There is no doubt that the next two decades will bring about ever more exciting developments in computing and corpus linguistics. By adopting a universally-known standard for the new Helsinki Corpus, the HC XML team wanted to ensure that the corpus would live on and remain a viable diagnostic resource for decades to come. For this to happen, we must make sure that when the time comes to update the Helsinki Corpus to reflect the standards of the new day, there will once again be a team dedicated to old texts and new technologies in equal measure.

References:

Kytö, Merja (comp.). 1996 (1991). Manual to the Diachronic Part of the Helsinki Corpus of English Texts: Coding Conventions and Lists of Source Texts. (3rd ed.). Helsinki: Department of English, University of Helsinki.
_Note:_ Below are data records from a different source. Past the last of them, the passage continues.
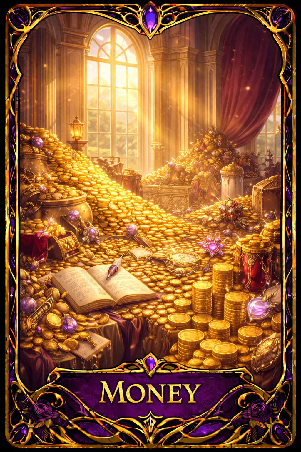 This is the big money card, symbolizing abundance, but also disorder. It may be a sign to bring order to your financial life and deal with material matters you have been postponing. It can indicate wealth growth or financial loss depending on context. Solar energy is associated with this card.
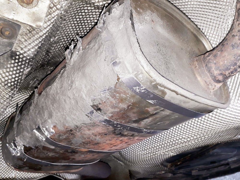 1. Povolil spoj medzi DPF a vlnovcom. Od tohto momentu je vsetko dalej poskoditelne, kedze ide z auta von.
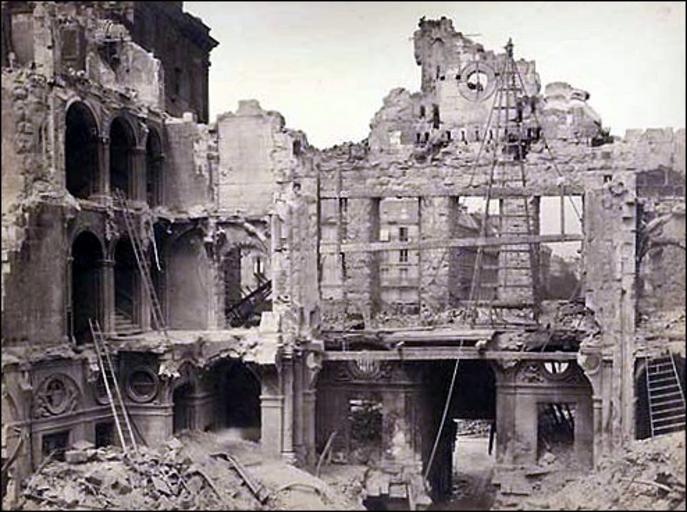 | Keywords: Pariscommune1870.jpg Andrieu J - Disasters of War Hotel de Ville Cour de Louis XIV View of the Hotel de Ville Cour de Louis XIV after the Paris Commune and Franco-Prussian War 1870-71 Source http //www vintageworks net/search/detail php/0/70/3451/1 PD-old Destructions during the Paris Commune Paris Commune photographs |
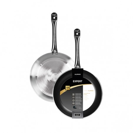 La mejor sartén de aluminio profesional, con triple capa antiadherente sin PFOA, base de inducción y mango de acero inoxidable unido mediante remaches.
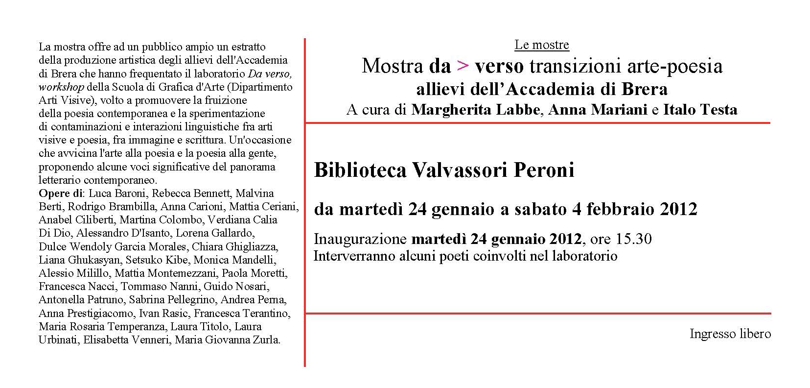 24 gennaio – 4 febbraio MOSTRA DA>VERSO TRANSAZIONE ARTE-POESIA
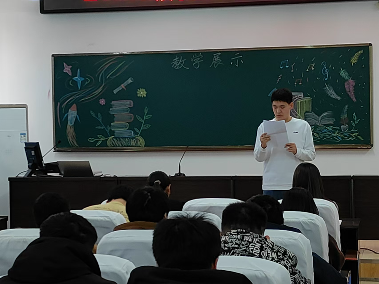 实习生代表金怀芳同学以《热机》这这节课为例进行无生课堂展示,她灵活的讲解、创新的实验演示、标准的教姿教态和恰到好处的提问技巧将中学物理课多种教学方法精彩纷呈的展现了出来,金怀芳同学的教学展示代表着2021级物理学专业员工学习成效的“冰山一角”。
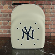 FRONT: The front of the New York Yankees Cap Carrier | White Hat Carrier features the New York Yankees Logo Printed in Navy Blue with Multiple Eyelets for Ventilation to keep your caps fresh.
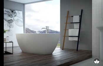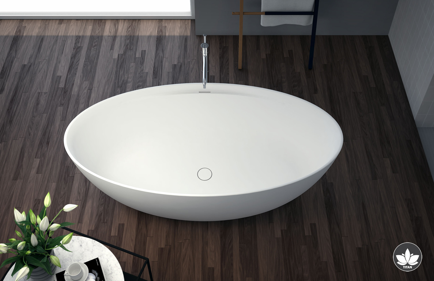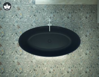 The compact yet extremely spacious Titan oval freestanding bathtub accentuates the attractive lines gained through careful processing of the ASTONE material.

Rissanen, Matti, Merja Kytö and Minna Palander-Collin (eds.). 1993. Early English in the Computer Age: Explorations through the Helsinki Corpus. Berlin and New York: Mouton de Gruyter.

Romaine, S. 1982. Sociohistorical Linguistics: Its Status and Methodology. Cambridge: Cambridge University Press.

Samuels, M. L. 1975. Linguistic Evolution, with Special Reference to English. Cambridge: Cambridge University Press.

Weinreich, U., W. Labov and M. Y. Herzog. 1968. ‘Empirical foundations for a theory of language change’, in: W. P. Lehmann and Y. Malkiel (eds), Directions for Historical Linguistics: a Symposium. Austin, Texas: University of Texas Press, 95-195.